Panda, who blamed the VHP and its allies for fanning communalism by spreading misinformation that militant Christians had killed the Swami, also accused Chief Minister Patnaik of allowing riots to spread in the district. Communal violence spread to most areas of Kandhamal only because the State government allowed the VHP to take the body of the swami in a procession covering many areas in the district, Panda said.

Meanwhile, the Crime Branch of the State police has arrested three Maoists for alleged involvement in the killing of the swami. However, the Sangh Parivar is not in a mood to accept the fact that the swami was killed by Maoists.

The violence has been controlled to a great extent in Kandhamal after the arrest of some local leaders of the VHP, the RSS, the Bajrang Dal and the Bharatiya Janata Party (BJP). The arrests were made more than a month after the violence in the district, when the Centre kept pressuring the State government to take strong measures to contain the violence.
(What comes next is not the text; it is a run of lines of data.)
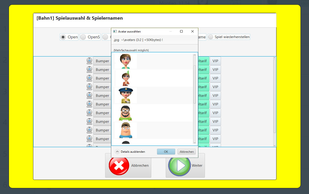 Spielstände korrigieren, Spieler hinzufügen / löschen, Spielarten wählen, Bumper aktivieren, oder komplette Bahnen transferrieren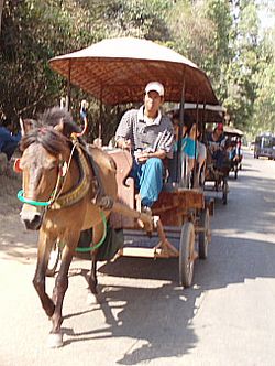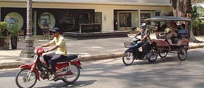 トゥクトゥクとは右写真の右側にあるような客席を付けたバイク。2人以上で利用する場合は自由度は減るが1人当たりは安くなる。トゥクトゥクを使って遺跡めぐりをする場合はこれを丸1日チャーターする。大回りコースを回って1日チャーター15$~、バンテアスレイを回っての1日チャーターで20$~。ベンメリア遺跡を回って1日チャーター30$~。2016年11月現在。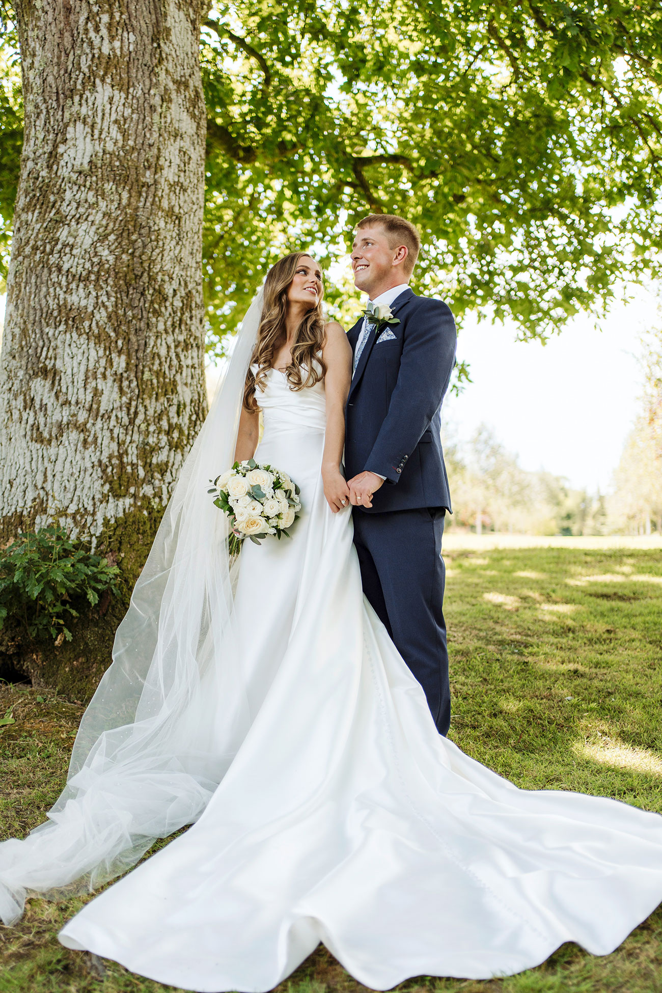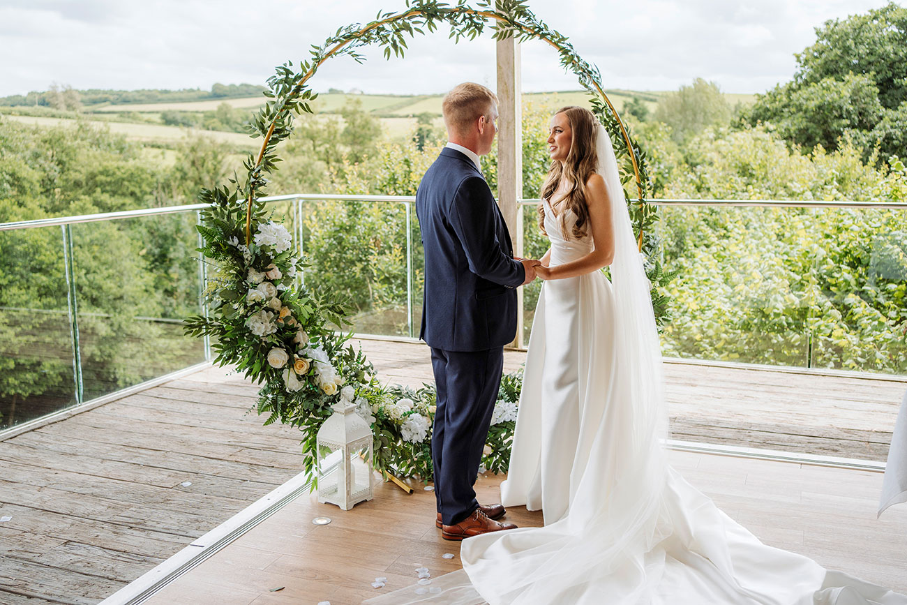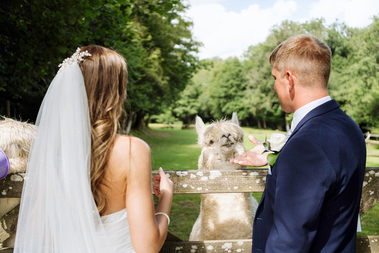 The ceremony took place in the serene setting of The Nest, followed by a leisurely wander through Millbrook’s grounds. “We fed the lovely alpacas while being photographed!” Hannah smiles, reflecting on the joy-filled first moments of married life. The newlyweds then settled into the Meadow Room, overlooking the beautiful views at Millbrook, for an indulgent afternoon tea. “We really soaked up the moment in the sunshine, with no distractions in the world,” reflects Hannah.

On the other hand, the rioters have started attacking the State police and the Central Reserve Police Force (CRPF) personnel. These attacks began in protest against the arrest of those who were allegedly involved in the communal violence, which claimed over 40 lives and left thousands of houses destroyed. A constable of the State police was shot dead in a mob attack on the Gochhapada police station. A CRPF jawan was hacked to death later.

More than 600 rioters have been arrested in Kandhamal alone, while around 400 have been booked in other districts. More arrests are likely in Kandhamal, according to the police.
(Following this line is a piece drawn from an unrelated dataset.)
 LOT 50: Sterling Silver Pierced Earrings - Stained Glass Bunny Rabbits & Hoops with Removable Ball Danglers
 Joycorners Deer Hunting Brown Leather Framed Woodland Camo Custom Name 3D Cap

The administration has been finding it difficult to cope with the situation as the Kui Samaj Samanwaya Samiti, an umbrella organisation of the Kondh tribal people, has been demanding the withdrawal of the CRPF.
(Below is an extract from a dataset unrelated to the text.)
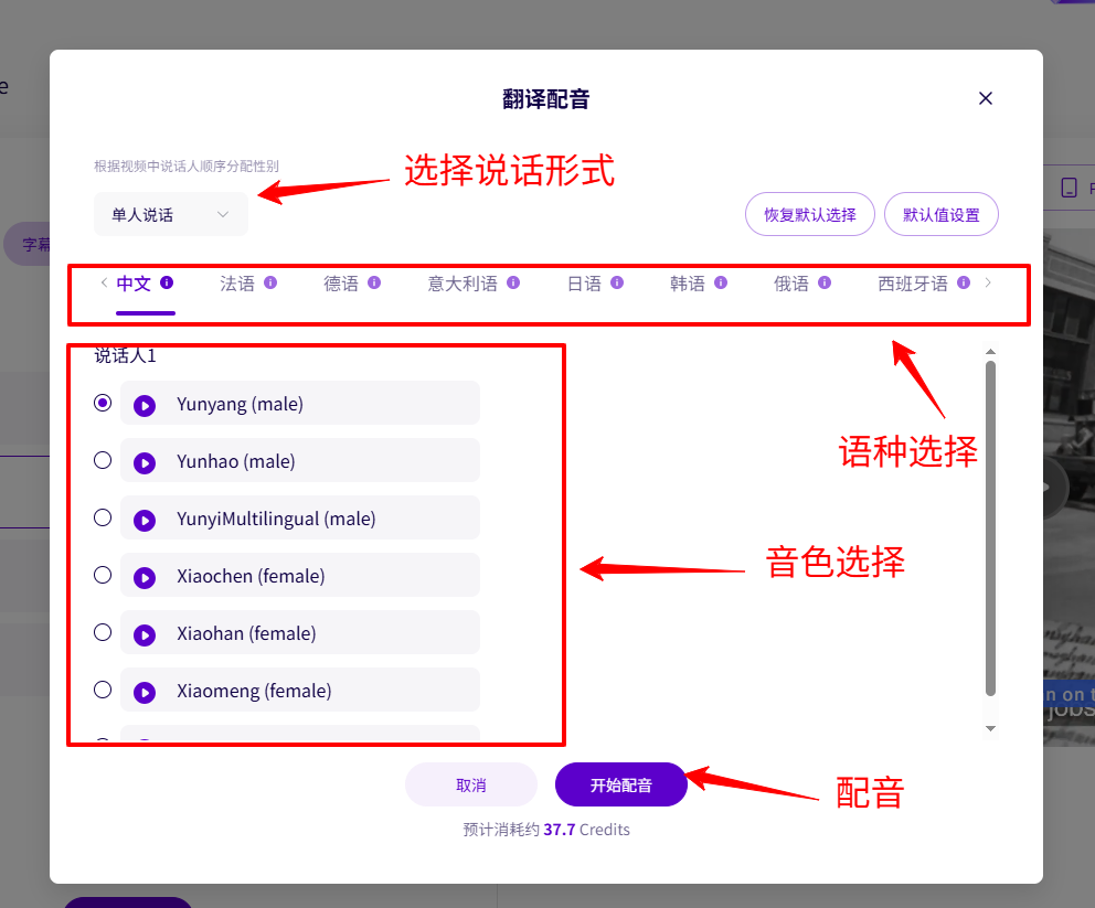 如果您需要视频配音,点击翻译配音,设置对应的配音设置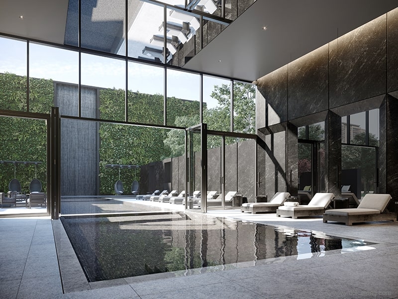 In the lobby, a cascading water feature welcomes residents, evoking feelings of energy and movement when you first step into the building. A wellness centre, featuring a spa and indoor-outdoor swimming pool, round out the offerings, with expansive floor-to-ceiling glass screens separating the two sides of the pool. Views through the screens frame a dramatic water feature that flows into the far end of the pool. “To me, the key elements were water and space — with water moving in the building the way it does. There’s this continuous flow of motion that’s recharging for people,” says Williams. “Certain places just hit us as humans, reminding us that we’re alive.”

Interestingly, Lambodar Kanhar, general secretary of the Samiti, is believed to have close links with the ruling Biju Janata Dal (BJD), which is headed by the Chief Minister. Kanhar, who hopes to contest the coming Assembly elections on the BJD ticket, is also trying to attract the followers and supporters of the slain swami. He organised a meeting of the Samiti at Chakapad where the swami had an ashram. Those who attended the meeting paid rich tributes to the Swami.

There is no doubt that the ruling BJD-BJP alliance is out to capitalise on the polarisation that has taken place in the State after the murder of the VHP leader. But the Chief Minister has started making bold statements in order to keep his secular credentials intact.

In an interview to a television channel, he went to the extent of terming the Bajrang Dal a fundamentalist organisation. But it is common knowledge that Naveen Patnaik cannot make a hat trick as Chief Minister if his party severs its ties with the BJP.

In his attempt to underplay the communal violence, Patnaik said that the long-standing ill feeling between the tribal people and Dalits had aggravated the situation in the district. He announced a special development package for the district to make the poor of Kandhamal happy. But with 78 per cent of the families in the district living below the poverty line, the package appears to be too small, too late.

Patnaik, who holds the Home portfolio, has handed over to the Crime Branch the investigation into the cases pertaining to the killing of the swami and to the killings, rapes, and damaging of houses, churches, prayer houses and other properties . A total of eight persons have been arrested in the case relating to the rape of a Catholic nun in the K. Nuagaon area of Kandhamal on August 25.

The Chief Minister, whose so-called clean image has suffered a severe beating in the wake of the violence, has refused to transfer any of these cases to the Central Bureau of Investigation despite demands from various quarters. More than 900 cases pertaining to the violence have been registered and the number is growing.

As the situation in Kandhamal remains volatile, only a thorough investigation of these cases and action against the guilty can help the Naveen Patnaik government regain whatever credibility it had.